Here are some guidelines.
• All developers must be trained to properly specify all classes and member functions.
• The specifications must be kept with the class declarations (usually in a header file) so that it is easy for developers and users to refer to them.
• All users must be trained to rely on specifications rather than implementations.
• Everybody must treat a specification error as a defect that must be fixed with the same urgency that code defects are fixed.
• Everybody must be trained to recognize the differences between substitutable changes and nonsubstitutable changes.
It is possible to keep the specification synchronized with the code because of the nature of specifications. Since specifications describe behavior in terms that are observable to the user, rather than in terms of the implementation, specifications tend to be relatively stable compared with the implementation. Furthermore, since all the other software components of the system are built by relying on the specification rather than the implementation (see FAQ 6.09), the specifications tend to stabilize fairly early in the product life cycle. So as a practical matter, the problem isn't keeping the specification synchronized with the code but the reverse: making sure the code is synchronized with the specification.
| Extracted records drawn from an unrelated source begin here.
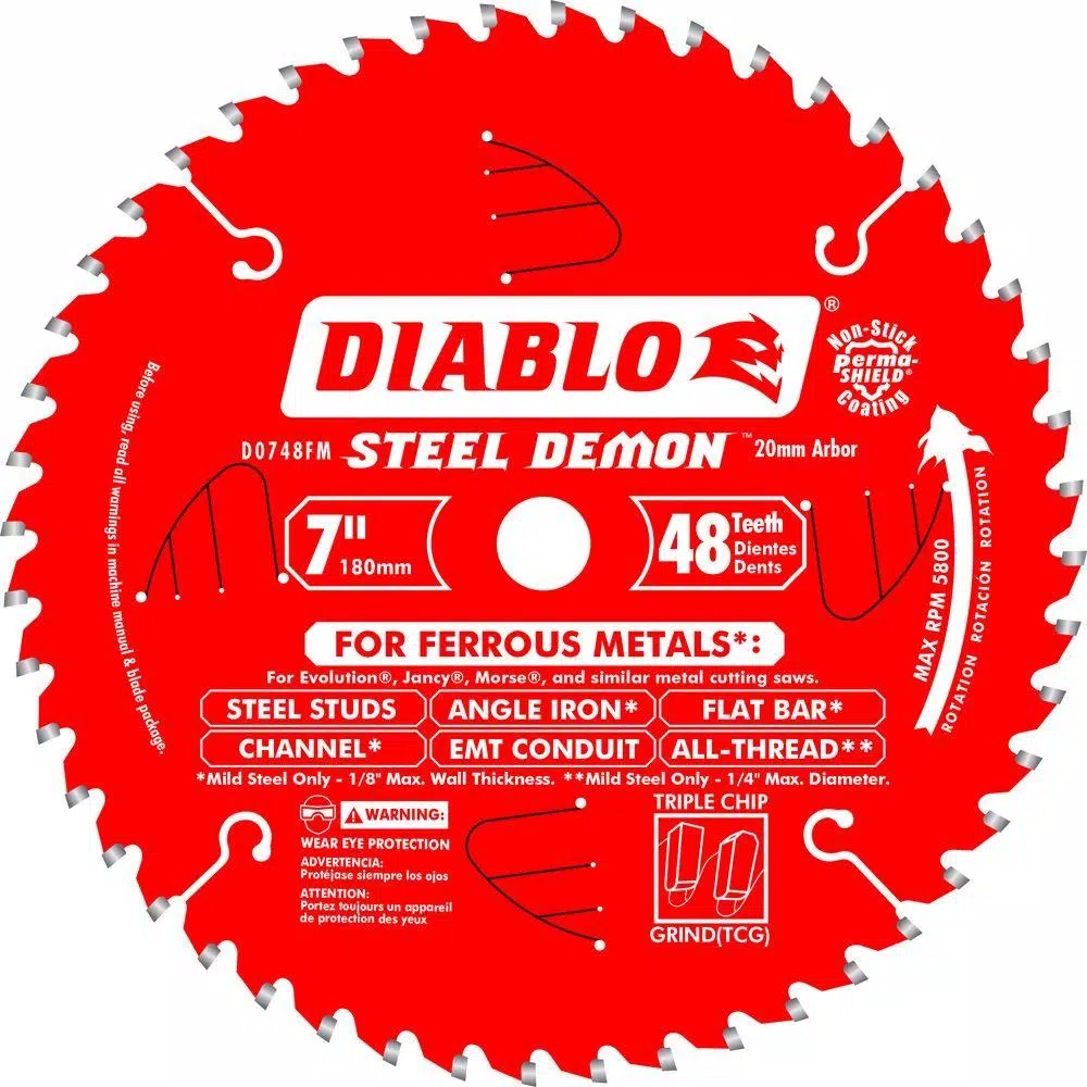 Diabloβs premium Steel Demon 7 in. x 48 Tooth 20mm Arbor Carbide Ferrous Metal Saw Blade has teeth made of Ti-Co high density carbide with titanium for a design that withstands impact, reduces wear, and lasts longer that standard carbide in metal cutting applications. Tri-metal shock resistant brazing allows metal cutting carbide tips to withstand extreme impact for maximum durability. Non-stick Perma-Shield coating protects the blade from heat and corrosion, reduces friction and pitch buildup. Laser-cut stabilizer vents absorb noise and reduce vibration for a cleaner cut and longer life.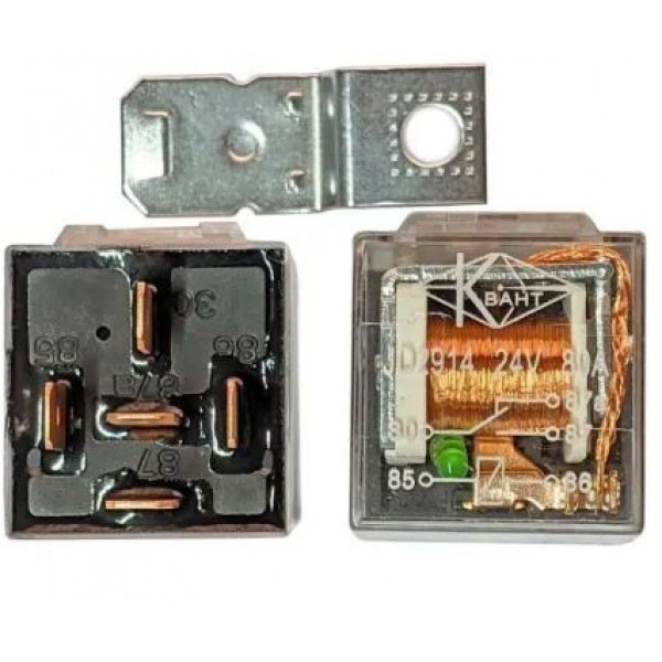 Реле 24V 5-ти контактне 80А з індикатором КВАНТ (прозорий корпус)
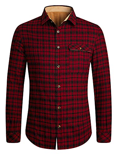 FUERI - Camicia da uomo a quadri in flanella termica, 100% cotone, a maniche lunghe, invernale, per il tempo libero, per la falegnameria, da uomo, E-rosso, M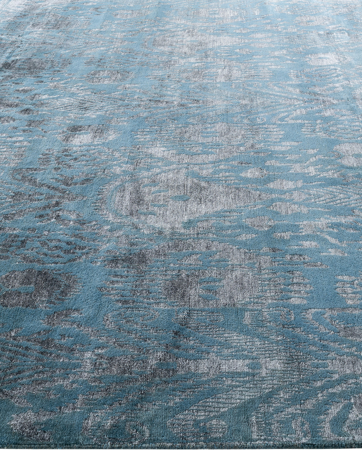 Traditional Ikat Hand Knotted Abstract Silk & Wool Blend Gray Area Rug 8' 10" x 12' 3"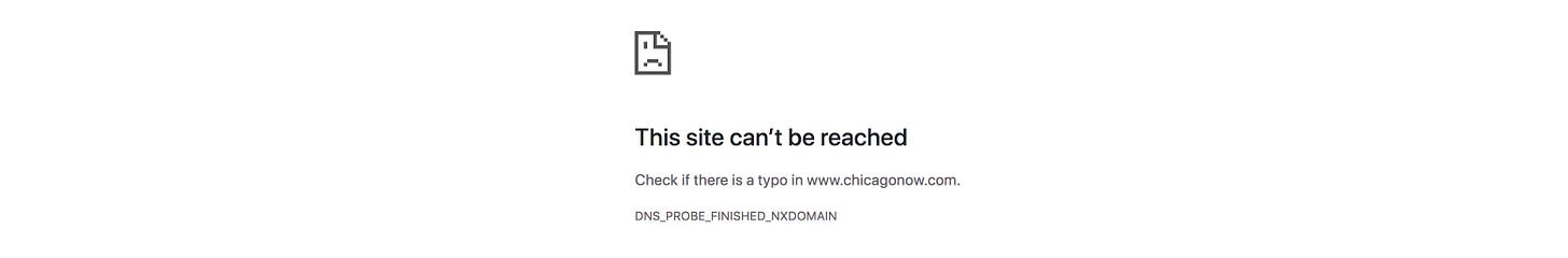 But I was surprised at how it was done — abruptly, with no notice to the writers who might have wanted to save their posts and not even a gracious “so long and thanks” on the disabled home page. Here’s what visitors to ChicagoNow.com see today: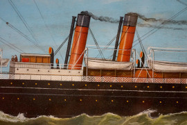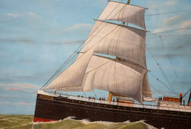 Piroscafo, tempera su carta, cm 60x90, XX secolo, entro cornice.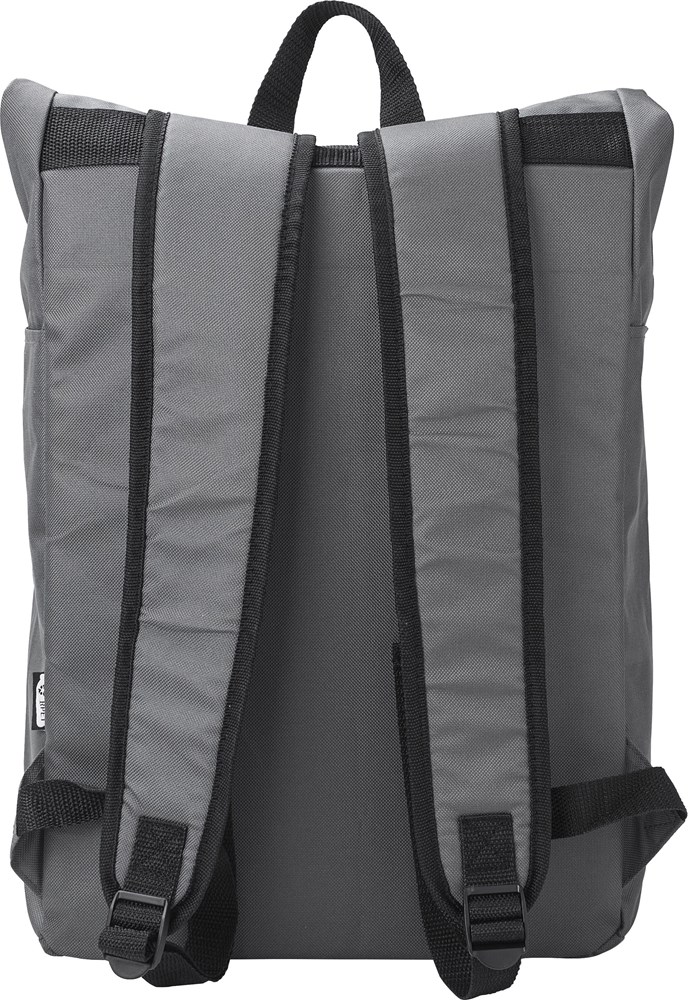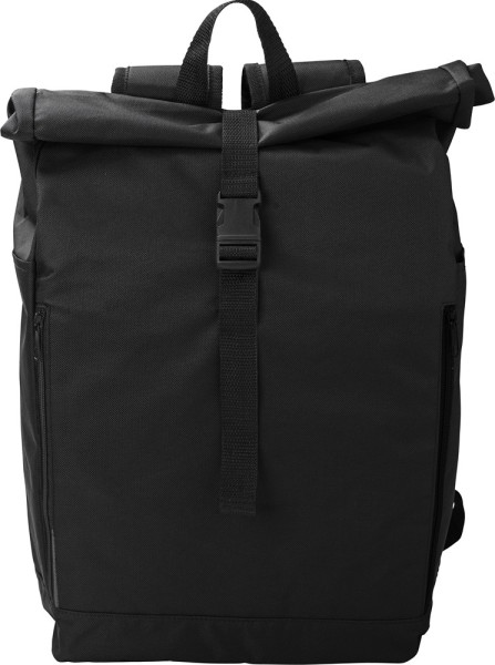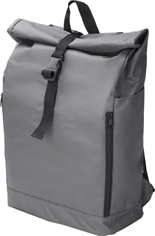 Rucksack aus rPET-Polyester (600D) mit Rollverschluss. Zwei Reißverschlusstaschen an der Seite. Ein großes Fach. Klettverschluss und Schnallenverschluss.
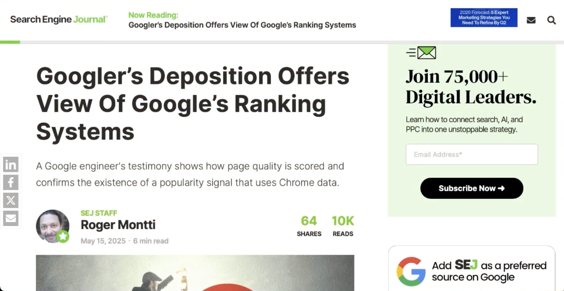 One thing we learned this year is that Google is collecting Chrome data and it seems to have some sort of popularity signal that is part of all of Google’s ranking systems: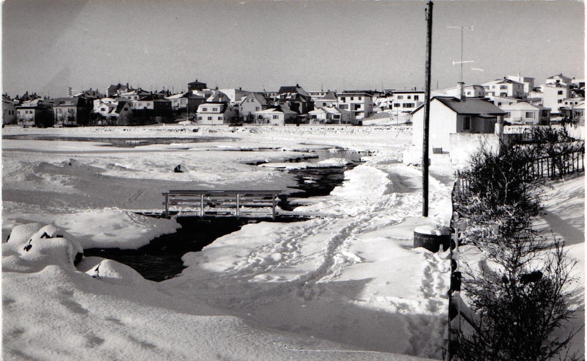 Hafnarfjörður um vetur. Hamarskotshamarslækur, Hörðuvellir fremsta húsið til hægri á myndinni.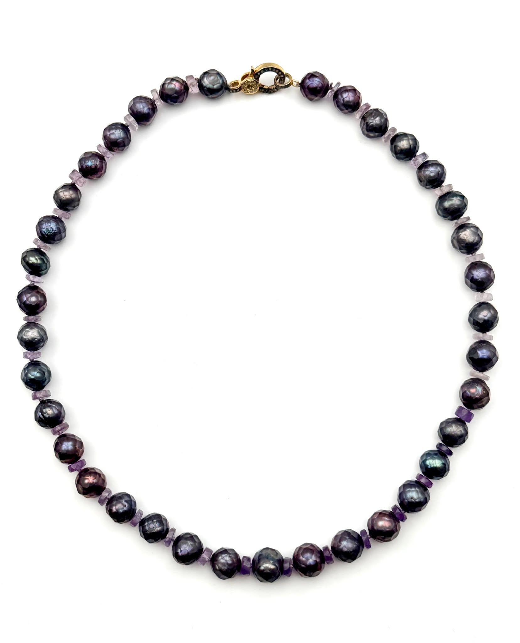 Faceted Shimmery Iridescent Peacock Freshwater Round Pearl and Ombre Amethyst Heishi Necklace with Vermeil and Diamond Clasp, 18"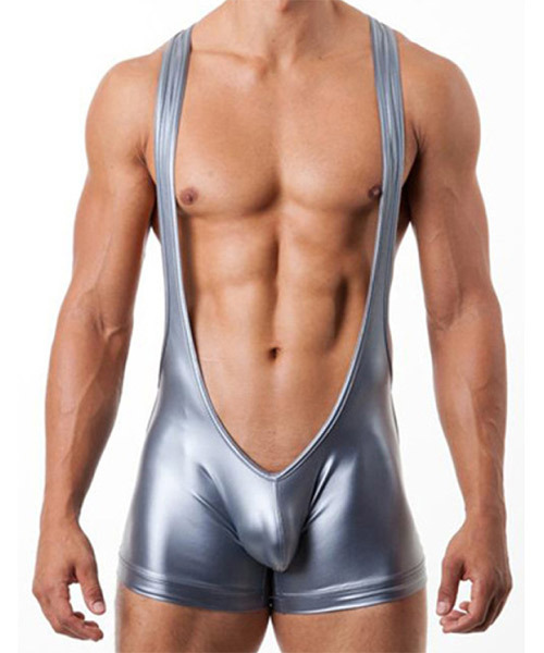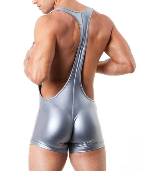 女性が一番興奮する男性の体の筋肉を強調するメタリックシルバーのサスペンダー下着。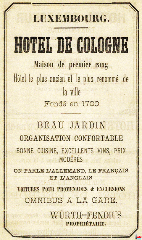 | 1885 | ![]() HOTEL DE COLOGNE Hôtel le plus ancien et le plus renommé de la ville Fondé en 1700 Würth-Fendius, propriétaire. (Le Luxembourg pittoresque. - Guide du tourisme. - Esquisse par M.-A. Perk, - 1885 – Imprimerie L. Schamburger. - Collection B.N.L.) |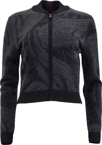 Susan Merino Wool Zip-up Jacquard Cardigan Sweater

In other words, once a lot of software has been written based on a particular specification, that specification is more stable than the underlying code that implements the specification, so the issue is making sure the code faithfully implements the specification rather than the other way around.
Remember: specifications are prescriptive rather than descriptive. Specifications prescribe what the code must do rather than describe what the code already does. If the implementation of a member function and the member function's specification disagree, and if a lot of software was already built based on the specification, it is often easier to change the implementation to be consistent with the specification rather than the other way around.
In contrast, when there is no explicit specification that programmers can rely on, the implementation ends up being the de facto specification. Once that happens any change to the implementation (including fixing bugs in some cases!) can break the user code. In those cases it is trivial to keep the specification and the implementation in sync (the implementation is the specification), but it makes the whole application brittle—any change anywhere can trigger dozens of other changes.